Ask the Maester: The History and Destruction of King’s Landing
The largest city in Westeros has been razed, and thousands have died with it. Is Daenerys more like Maegor the Cruel than Aerys the Mad King?
A wise lawyer once said, “You either die a hero, or live long enough to see yourself become the villain.” Daenerys Targaryen has lived quite a life. After a series of setbacks, disappointments, and personal tragedies, Dany, with some foreshadowing but very little in the way of actual setup and character development, has become the Mad Queen. The same woman who defended the Lhazareen, ordered her Unsullied not to harm women and children, and chained her own dragons when they killed a young girl, destroyed King’s Landing after the city surrendered. It is one of the most violent scenes in Game of Thrones history. Which, it needs not be said, but I’m going to say it anyway, is quite a feat. Harvey Dent, you were right.
Now on to your questions.
Joshua asks: “What’s the layout/geography of King’s Landing? I felt the director did a good job of keeping us oriented, but other than the Red Keep can you tell/show us where the Sept and Dragonpit were? Also, what’s the history of the building of the city?”
When Aegon Targaryen and his sister-wives Visenya and Rhaenys, their dragons, and a small force of fighting men made landfall on the northern bank of the Blackwater Rush near a small fishing village, there was no way to know that a great capital city would one day stand there. The three hills that rose above the place were dotted with the ruins of fortifications built by numerous kingdoms, but the area, despite being at the center of a dispute between Storm’s End and King Harren the Black, was undefended.

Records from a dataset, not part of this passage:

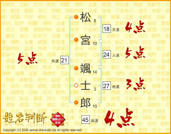 松宮颯士郎さんの総運は45画の4点!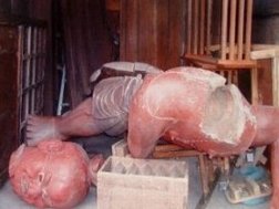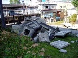 | 山門の仁王像 | 粉々になった山門の灯篭 | |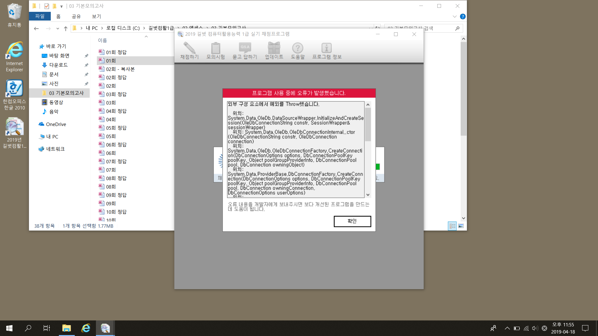 액세스 기본모의고사 파일을 채점하려고 하니까 오류가 발생했어요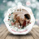 Elegante frohe Weihnachtswasserfarbe Kranz Weihnachtsgebäck Foto Block. Aquarellbilder mit Foto und Text. Elegante Weihnachtsgeschenkidee.

Aegon had a log-and-dirt fort built on the tallest of the three hills, now known as Aegon’s High Hill. The Aegonfort became the first symbol of Aegon’s power on the continent, the seat of his government. It was there that the Conqueror received the submissions of the first lords whom his forces had defeated. They knelt and laid their swords at Aegon’s feet. Aegon allowed these lords to keep their castles and their titles. His power grew.
Two years after his invasion, Aegon, now King of Westeros, had largely succeeded. King Argilac the Arrogant of the Stormlands was defeated in single combat by Orys Baratheon, who was believed to be Aegon’s bastard brother and became the founder of House Baratheon. King Harren the Black of the Iron Islands and the Riverlands and King Mern of the Reach had their lines ended at the Field of Fire. House Greyjoy, House Tully, and House Tyrell, respectively, were raised in their places. King Loren Lannister survived the Field of Fire and submitted to Targaryen rule. Queen Regent Sharra Arryn of the Vale peacefully surrendered to Visenya Targaryen. And King Torrhen Stark, seeing the power of the Targaryen dragons, knelt rather than lead his army to their doom. Only the Prince of Dorne remained unbowed, unbent, and unbroken.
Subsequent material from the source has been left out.